RBM partners, including the Bank, have endorsed the objectives and targets of the Global Malaria Action Plan (GMAP), launched in 2008. Achieving these targets will significantly reduce child mortality (MDG 4) and improve maternal health (MDG 5) – which are also priorities under the Bank’s strategy for health, nutrition and population.

Strategy

The World Bank is the third largest financier of malaria control globally, after the U.S. President’s Malaria Initiative and the Global Fund. Overall, the World Bank has committed close to $1 billion to malaria control:

(a) In Africa from 2005 to 2011, the Bank committed $773.6 million to the fight against malaria in 20 countries -- more than a ten-fold increase since 2000-2005. From 2006 to 2012, through its support for country projects in sub-Saharan Africa, the World Bank financed the procurement and distribution of 62 million anti-malaria bed nets, as well as distribution of an additional 39.3 million bed nets procured by other RBM partners. This significantly increased household bed net coverage in the Democratic Republic of Congo, Zambia, Benin, Nigeria, and Ethiopia, among others. Additionally, the Bank has financed 97 million doses of malaria treatment drugs and 22.3 million rapid diagnostic tests.  Almost 60% of Bank resources for malaria control in Africa goes to Nigeria and DRC Congo, which together account for 58% of malaria infection and deaths in Africa.

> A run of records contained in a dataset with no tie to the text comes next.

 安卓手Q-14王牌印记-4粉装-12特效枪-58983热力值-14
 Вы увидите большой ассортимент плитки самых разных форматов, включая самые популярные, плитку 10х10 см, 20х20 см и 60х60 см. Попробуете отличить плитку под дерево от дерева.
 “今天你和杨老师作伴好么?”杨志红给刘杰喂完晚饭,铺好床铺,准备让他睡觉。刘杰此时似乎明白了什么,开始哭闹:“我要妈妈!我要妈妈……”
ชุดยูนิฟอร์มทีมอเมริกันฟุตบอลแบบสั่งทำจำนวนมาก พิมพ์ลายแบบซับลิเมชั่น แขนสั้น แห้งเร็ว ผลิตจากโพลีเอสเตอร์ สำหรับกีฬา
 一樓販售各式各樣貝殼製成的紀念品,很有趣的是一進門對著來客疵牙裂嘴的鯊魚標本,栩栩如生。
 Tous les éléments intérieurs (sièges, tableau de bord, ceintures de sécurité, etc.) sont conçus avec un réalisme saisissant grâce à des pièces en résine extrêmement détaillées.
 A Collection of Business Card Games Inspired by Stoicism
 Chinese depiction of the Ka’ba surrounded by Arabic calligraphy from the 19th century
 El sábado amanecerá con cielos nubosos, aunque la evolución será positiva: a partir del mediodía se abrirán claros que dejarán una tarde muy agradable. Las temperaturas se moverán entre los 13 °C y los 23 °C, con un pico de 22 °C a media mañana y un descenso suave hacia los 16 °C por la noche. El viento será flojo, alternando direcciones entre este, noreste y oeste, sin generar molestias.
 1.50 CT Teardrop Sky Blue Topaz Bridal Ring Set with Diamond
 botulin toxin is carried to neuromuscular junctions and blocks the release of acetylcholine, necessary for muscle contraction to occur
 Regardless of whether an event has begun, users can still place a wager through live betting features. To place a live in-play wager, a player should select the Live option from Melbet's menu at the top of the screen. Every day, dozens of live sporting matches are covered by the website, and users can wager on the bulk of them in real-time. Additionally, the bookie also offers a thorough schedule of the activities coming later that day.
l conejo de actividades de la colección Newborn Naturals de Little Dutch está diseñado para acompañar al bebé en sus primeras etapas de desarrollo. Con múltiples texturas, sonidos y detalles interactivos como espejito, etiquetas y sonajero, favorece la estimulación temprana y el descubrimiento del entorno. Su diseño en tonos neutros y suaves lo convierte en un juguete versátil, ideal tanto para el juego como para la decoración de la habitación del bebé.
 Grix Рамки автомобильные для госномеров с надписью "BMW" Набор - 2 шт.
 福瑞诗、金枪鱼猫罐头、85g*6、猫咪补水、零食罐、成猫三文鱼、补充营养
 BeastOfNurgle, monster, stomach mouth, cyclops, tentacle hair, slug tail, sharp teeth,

(b) In India, the Bank has allocated close to $190 million to malaria control efforts as part of a broader vector control project. The Bank financed 6.1 million insecticide-treated bed nets, as well as a substantial amount of rapid diagnostic tests and drugs.

The Bank uses a two-pronged approach to support malaria control efforts: First, scaling up effective interventions and second, strengthening systems issues such as supply chain, human resources, and monitoring and evaluation. Strengthening health systems and ensuring that countries perform essential public health functions such as surveillance, will be critical for countries to sustain gains and continue toward elimination of malaria.  In the past, the Bank has successfully leveraged its IDA resources to bring non-traditional donors to the fight, including the Russian Federation, which has co-financed World Bank malaria control activities ($16 million) in Zambia and Mozambique.

The Bank’s malaria strategy also extends to sectors other than health. For example, a $42 million malaria program covering the Senegal River Basin (including Senegal, Mali, Mauritania and Guinea) was embedded in a larger Water Resource Development Project covering the same countries. Likewise, in D.R. Congo, the Bank financed $13 million for the purchase of mosquito nets as part of an Emergency Urban and Social Rehabilitation Project.

The Bank recognizes the importance of monitoring and evaluation (M&E) to adjust planning and ensure results, and has worked with countries to strengthen M&E capacity and conduct surveys to monitor progress and identify bottlenecks.

Impact evaluation helps deliver programs more effectively and equitably. The Bank has launched impact evaluation work on malaria such as in Kenya and Senegal (school-based programs); Nigeria (impact of community distributors and patent vendors training); and India (improving malaria control outcomes through evidence-based program design).

Results

Country results of Bank support for malaria prevention and control programs include:

  • Rwanda: Bank support has led to a 63% increase in the use of insecticide-treated mosquito nets; a 62% decrease in malaria incidence; and a 30% decrease in child mortality.
  • Ethiopia: In 2010, 90% of children under 5 slept under insecticide-treated bed nets, compared to 5% in 2003.
  • Zambia: Annual malaria deaths decreased by 50% from 2000 to 2008, contributing to a reduction in under-five deaths of 29% and in infant mortality of 26% (between 2000 and 2007).
  • Sierra Leone: Households owning at least one treated mosquito net rose from 33% in 2010 to 87% in June 2011.
  • India: The Bank has financed 6.1 million mosquito nets, 1.1 million malaria drug doses, and 3.6 million rapid diagnostic tests for malaria.